A joint team of researchers at the University of California, San Francisco, and others have discovered the molecular mechanism by which HIV, the human immunodeficiency virus that causes AIDS, escapes from the defenses of host cells.
After the initial HIV invasion into the human body, immune cells are gradually destroyed, making the body vulnerable to pathogen infection and causing various diseases. The medical community has shown that there is no treatment to completely eliminate HIV from the body, infected people need to continue to take antiviral drugs for treatment. As virus genes mutate, resistant viruses emerge that cannot be treated with drugs. So while HIV vaccines are being developed, new drugs for resistant viruses need to be developed.

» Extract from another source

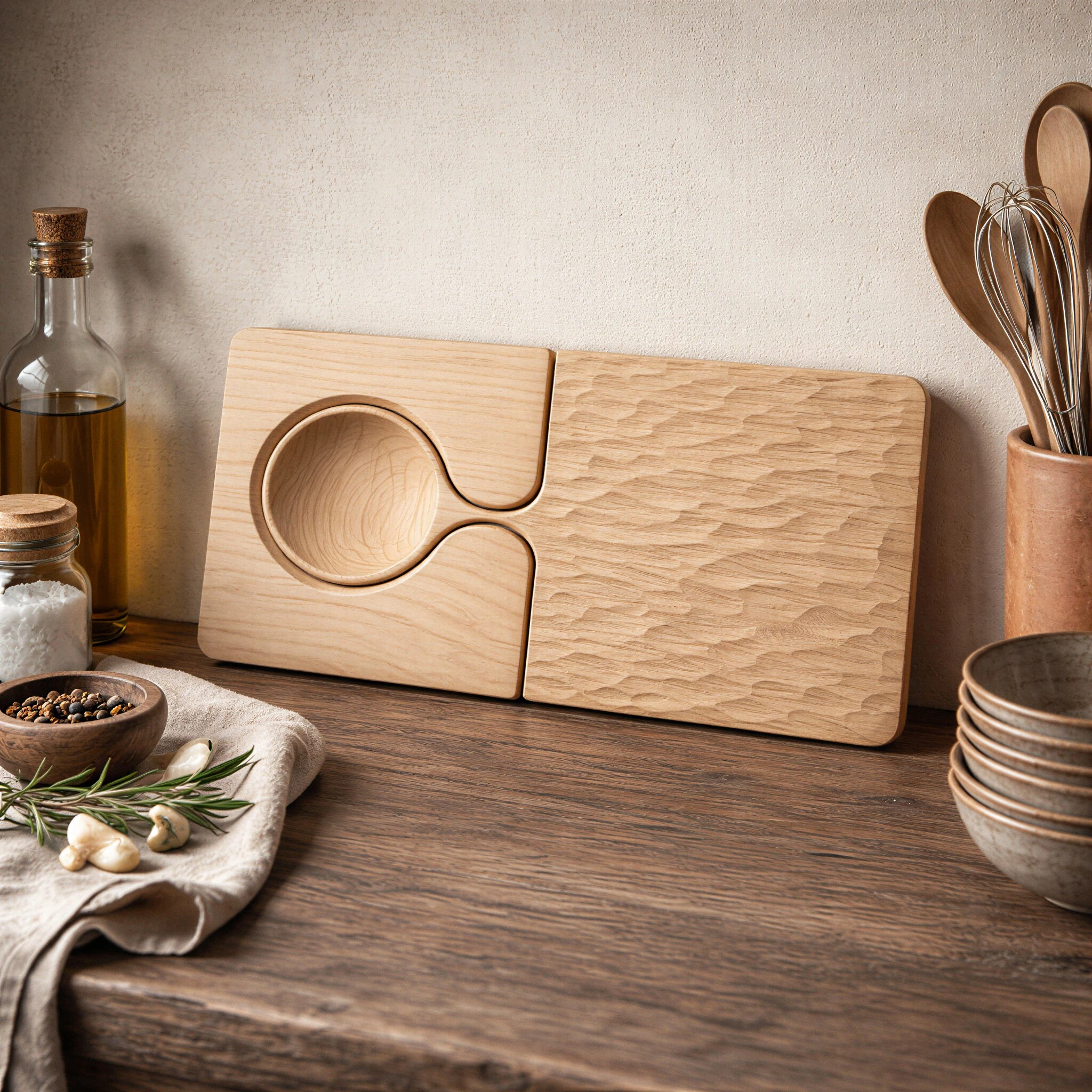 Nook Serving Tray is a quiet exploration of form, function, and material. Crafted from solid wood, it combines a smooth, carved recess with a gently contoured flat surface, allowing different elements to sit naturally together without visual clutter.

Human cells have corresponding defenses against various viruses. For example, SAMHD1 is an enzyme produced by human cells that strongly blocks HIV-infected macrophages and T cells. On the other hand, the particles of hiv-2, which many infected people carry, contain a protein called VPX that breaks down SAMHD1 in the cells, causing hiv-2 to infect bone marrow cells.
Most viral proteins work with the help of "virus regulators" in human cells. They searched for VPX interacting proteins from more than 300 host proteins involved in phosphorylation and found that PIM kinase host proteins bind to VPX effectively and are specifically phosphorylated. Mass spectrometer analysis showed that serine, the 12th amino acid of VPX, was phosphorylated by PIM kinase. If the serine is replaced, the phosphorylation of VPX will not occur and the virus's replication ability will be reduced.
The results show that host PIM kinase is the factor that VPX ACTS on SAMHD1, and can effectively block the replication of hiv-2 by blocking PIM kinase.